YOUR OBJECTIVE
Make an exact copy of the listing so that no picture is carried over.

INFORMATION PROVIDED
——————

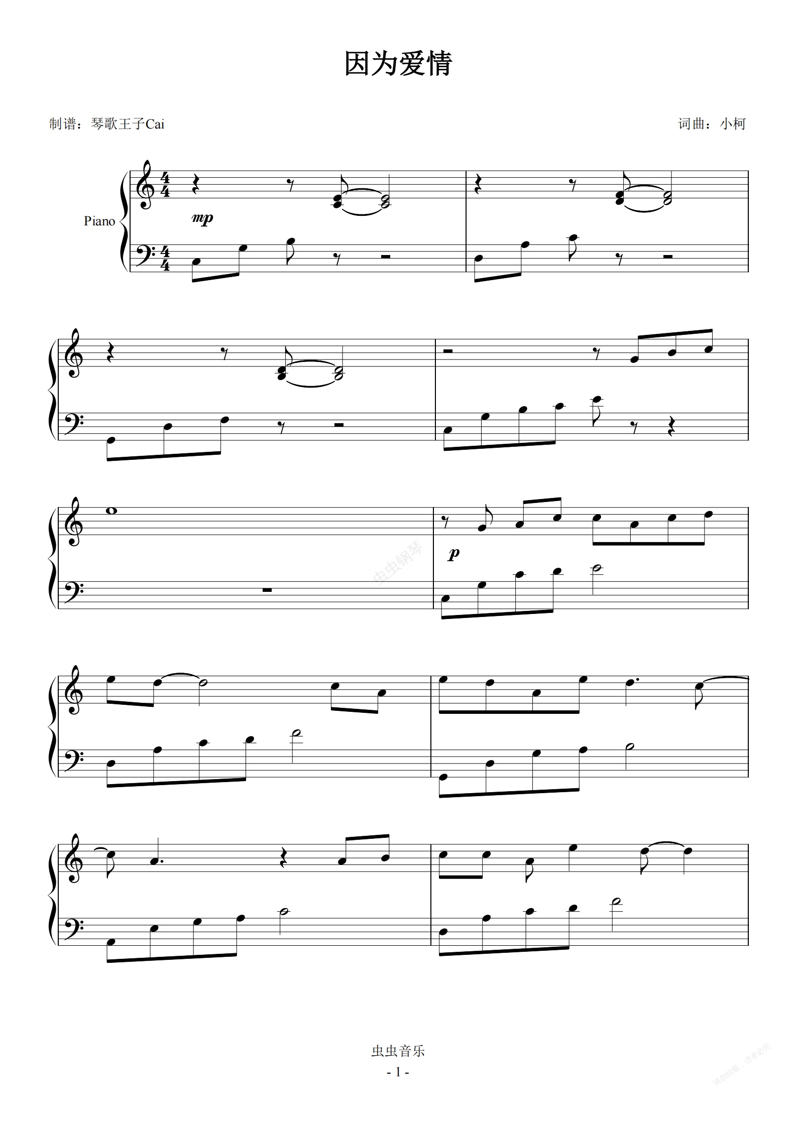 钢琴谱:因为爱情(琴歌王子Cai钢琴版)C调
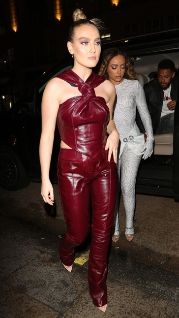 Перри собрала модный лук для праздничного вечера в компании друзей. На вечеринку солистка группы Little Mix отправилась в костюме, но классическому комплекту с жакетом и брюками предпочла модель с топом-халтер из кожи винного оттенка. Эффектный аутфит Перри дополнила нюдовыми босоножками и забранными наверх волосами в стиле 2000-х.
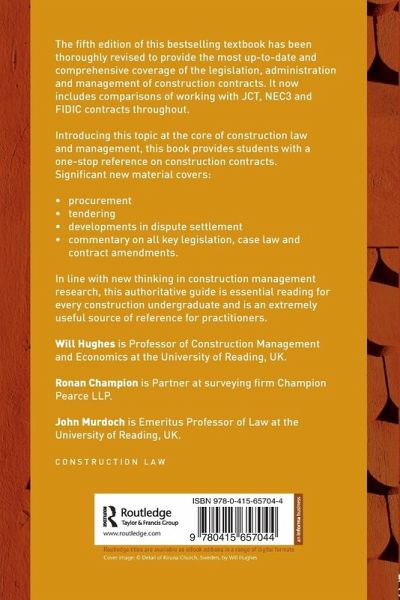 The fifth edition of this bestselling textbook has been thoroughly revised to provide the most up-to-date and comprehensive coverage of the legislation, administration and management of construction contracts. Includes the latest formats of JCT and FIDIC, as well as coverage of the NEC.

——————

WRITTEN SOLUTION
 钢琴谱:因为爱情(琴歌王子Cai钢琴版)C调
 Перри собрала модный лук для праздничного вечера в компании друзей. На вечеринку солистка группы Little Mix отправилась в костюме, но классическому комплекту с жакетом и брюками предпочла модель с топом-халтер из кожи винного оттенка. Эффектный аутфит Перри дополнила нюдовыми босоножками и забранными наверх волосами в стиле 2000-х.
 The fifth edition of this bestselling textbook has been thoroughly revised to provide the most up-to-date and comprehensive coverage of the legislation, administration and management of construction contracts. Includes the latest formats of JCT and FIDIC, as well as coverage of the NEC.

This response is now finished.